George Andreas Budur

COMMUNITY CONSULTANT - BANAT BULGARIAN

I hold a Bachelor's degree in applied linguistics from the "St. Cyril and St. Methodius" University of Veliko Tarnovo. I am passionate about linguistics and am particularly interested in cultural research and lexicography.

I was born and raised in a Bulgarian family in the city of Timișoara, Western Romania. I am a native speaker of Paulician, also known as Banat Bulgarian/Palćensći, which is a variety of Bulgarian. I am a native of Romania and also speak Romanian. After graduating high school in my hometown and led by the desire to connect with my roots, I moved to Bulgaria, to Veliko Tarnovo, where I spent three years and acquired a Bachelor's degree in applied linguistics, while also studying English and Chinese. I spent my third undergraduate year at the China University of Geosciences, in the city of Wuhan, where I had the opportunity to learn to speak Chinese fluently. During my stay in China I became aware of the vast cultural barriers between different peoples, which sparked my interest in cultural research.

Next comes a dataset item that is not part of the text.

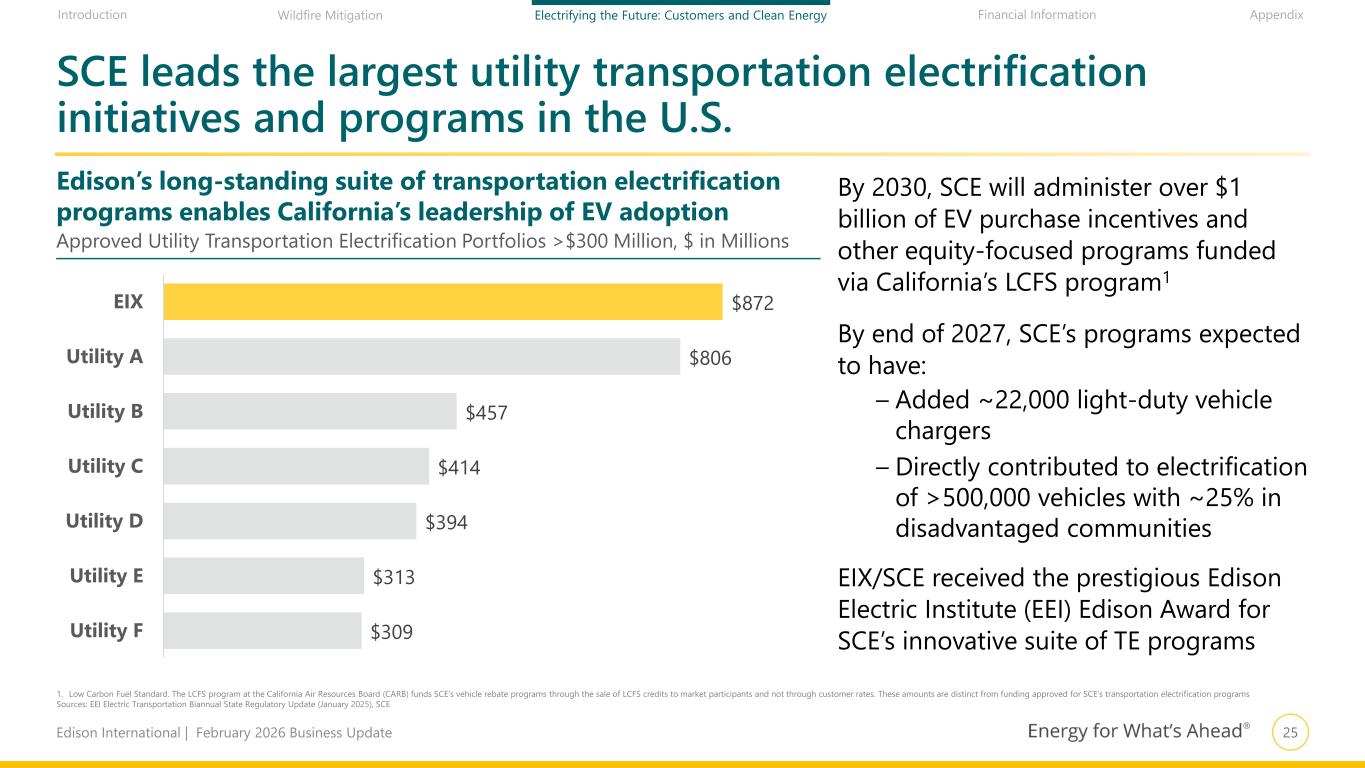 24Edison International | February 2026 Business Update Financial Information AppendixIntroduction Wildfire Mitigation Electrifying the Future: Customers and Clean Energy Edison International has one of the strongest electrification profiles in the industry 1. Source: EPRI analysis of Experian data State multiyear package includes ~$525 million for equitable building decarbonization SCE considering further steps to help state close current deployment gap Target to have 27 million residential heat pumps in California by 2045 If target achieved, represents 8 million MWh of incremental load in SCE’s service area by 2045 SCE has installed or procured ~9.3 GW of storage capacity; ~5.6 GW currently online SCE commissioned ~345 MW and commissioning additional ~225 MW of utility-owned storage to support reliability Project 30+ GW of utility-scale storage needed California-wide by 2045 Growing energy storage capacity supports reliability as economy increasingly relies on electricity Largest U.S. IOU EV charging programs with over $850 million of approved funding plus over $1 billion of incentives Substantial state budget commitments to accelerate zero-emission vehicles 23% of new cars sold in California in 2025 were zero emission vehicles1 Current trajectory of 12 million EVs in CA (4.6 million in SCE’s area) by 2035 Represents over 20 million MWh in SCE’s service area by 2035 and ~50 million MWh by 2045 Transportation Electrification Energy Storage Building Electrification

In the fall of 2019 I started working with the VLACH team on the transcription and translation of recordings of Paulician, and during the summer of 2020 I started (interviewing and) recording members of the Banat Bulgarian community myself.

The work of the VLACH team makes me hopeful about the future of our Banat Bulgarian community. I am confident that by recording the Paulician speech and making said recordings available to academics as well as to the wider public, we can make a substantial contribution to the preservation of Paulician.


Petru Ciocani

COMMUNITY CONSULTANT - BANAT BULGARIAN

I am a Field Archaeologist working in Baden-Württemberg and I hold a PhD in Prehistoric Archaeology from the Eberhard Karls University of Tübingen. Besides my enthusiasm in studying the distant past, I also have linguistic and ethnographic interests.

Born into a Bulgarian family in Dudeștii Vechi (Banat Bulg. Stár Bišnov), a village with a predominantly Bulgarian speaking population in the Romanian Banat Region, like most of the village’s inhabitants I grew up bilingual. I spoke a Bulgarian variety (known as Palćensći) with my parents, relatives and friends, whilst I used Romanian at kindergarten and school. Even at a young age I was fascinated by foreign languages and different cultures, which was largely due to Banat’s multi-ethnic society, and because of the location of my hometown close to the borders with Hungary and Serbia.

As a teenager, I also began to pay attention to the Banat Bulgarian dialect. My interest was growing during repeated visits to Breștea (Brišća), another village inhabited by Banat Bulgarians, where I enjoyed speaking with people in my mother tongue and was fascinated by the slight linguistic differences that I heard.

My curiosity about the origins of the Banat Bulgarians was the main reason I decided to continue my studies in Veliko Tarnovo (Bulgaria) after high school. There, during the bachelor’s and master’s program in Archaeology, I also had the opportunity to improve my knowledge of standard Bulgarian and to study Old Bulgarian (including epigraphy). In recent years spent in Germany, I had the chance to improve my German, allowing me to easily identify German lexical borrowings in the Banat Bulgarian dialect. I have found that these are relatively numerous, since by the time the Bulgarians settled in the Banat Region it belonged to the Habsburg Empire.

Returning to my hometown for archaeological research, in 2014, I collaborated with Andreea Pascaru and Thede Kahl in interviewing local people, and since then I have been actively involved in transcribing, translating and editing Banat Bulgarian interviews. The published interviews will hopefully contribute to the preservation of this endangered Bulgarian variety.